Nestled among pine forests, cattle farms and canary-yellow canola fields, the sleepy Australian Outback town of Penola seems an unlikely place for miracles.
However, thousands trek to Penola every year to pray and give thanks for Mary MacKillop, who once taught children in a disused stable here and is now poised to become the country’s first saint.
“People come and tell us what they believe are miracles that have happened to them through prayer, praying to God through Mary,” said Claire Larkin, who works at Penola’s Mary Mackillop Centre. “They come in every day. A lot of them come for that reason, they’re so grateful for what’s happened to them, the answers to their prayers.”
PHOTO: AFP
The Oct. 17 canonization will be screened live nationwide as Pope Benedict XVI performs the ceremony in the Vatican.
MacKillop died in 1909, but has been credited with two “miracles” — curing two terminally ill women in 1961 and 1993 following prayers to the late nun — which qualifies her for sainthood.
Australian Prime Minister Julia Gillard, an atheist, has declared the canonization “an historic event for all Australians,” about 65 percent of whom are Christians.
“For all Australians, who share a country in which we put freedom of religion into action every day by respecting each other’s beliefs, it is a time of celebration,” Gillard said. “Mary MacKillop was a pioneering woman who embodied the very best of our values and the best of the Australian spirit.”
MacKillop has become one of Australia’s most celebrated figures, with a pop song, commemorative coin and even an electoral district named after her.
A stage musical about her life debuted in Sydney this month, while the Sisters of St Joseph — the order she founded — have set up a Facebook page and a Twitter account to spread her extensive writings in cyberspace.
Thousands of worshipers visit her memorial chapel each year, while MacKillop is also credited with recent wonders such as rousing a beaten Irish backpacker from an eight-month coma.
Her trailblazing story began here in Penola, a tiny farming outpost in rural Australia where she worked as a governess for wealthy Scottish relatives as an 18-year-old.
Mary, recognizable for riding to mass on horseback, struck up a friendship with priest Julian Tennison Woods after opening her cousins’ lessons to the town’s poor children.

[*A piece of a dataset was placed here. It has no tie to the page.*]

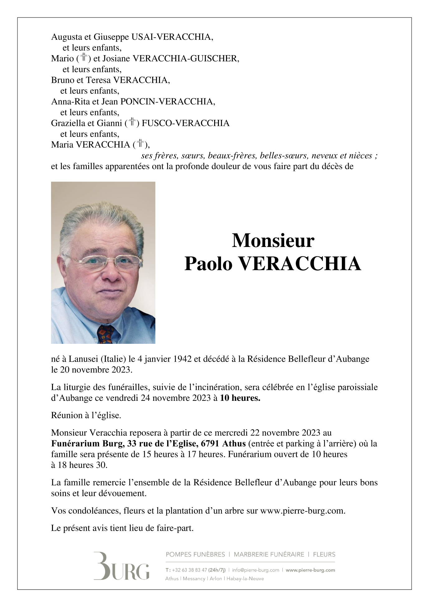 Décédé à Aubange (6790) le lundi 20 novembre 2023 à l'âge de 81 ans

The “vivacious and lively” Mary made such an impression on Woods that he asked if she would hold classes in an abandoned stable in the town.
By 1866 they had raised enough money to build a stone schoolhouse and the pair decided to establish an order — the Sisters of St Joseph — to carry forth their mission of teaching and helping Australia’s rural poor.
“It’s unbelievable that Australia’s first saint actually walked the streets here, that it was here that she actually made the decision to give her life to God, to service to his people,” Larkin said.
Mary clashed with the Church as her order grew, and was briefly excommunicated for ignoring orders on how the sisters should live.
However, by the time of her death there were 750 Sisters of St Joseph teaching almost 13,000 children in 117 schools and her status was such that people flocked to her grave to take a clod of earth, believing it blessed.
The sisters moved her remains to a vault inside their main chapel in Sydney, where Pope John Paul II twice prayed and where Pope Benedict XVI also paid his respects.
Up to 20,000 people are expected to converge on Penola to celebrate the woman known as the “People’s Saint,” with a costume parade and open-air mass to precede the live telecast from Rome.
Visits to the remote town — an hour’s flight from the nearest city — have tripled since the Pope announced Mary was to be canonized and Larkin said it was here, in Australia’s rural heartland, where Mary’s spirit was strongest.
“Her presence is here,” Larkin said. “I think spirituality sort of takes over in Penola.”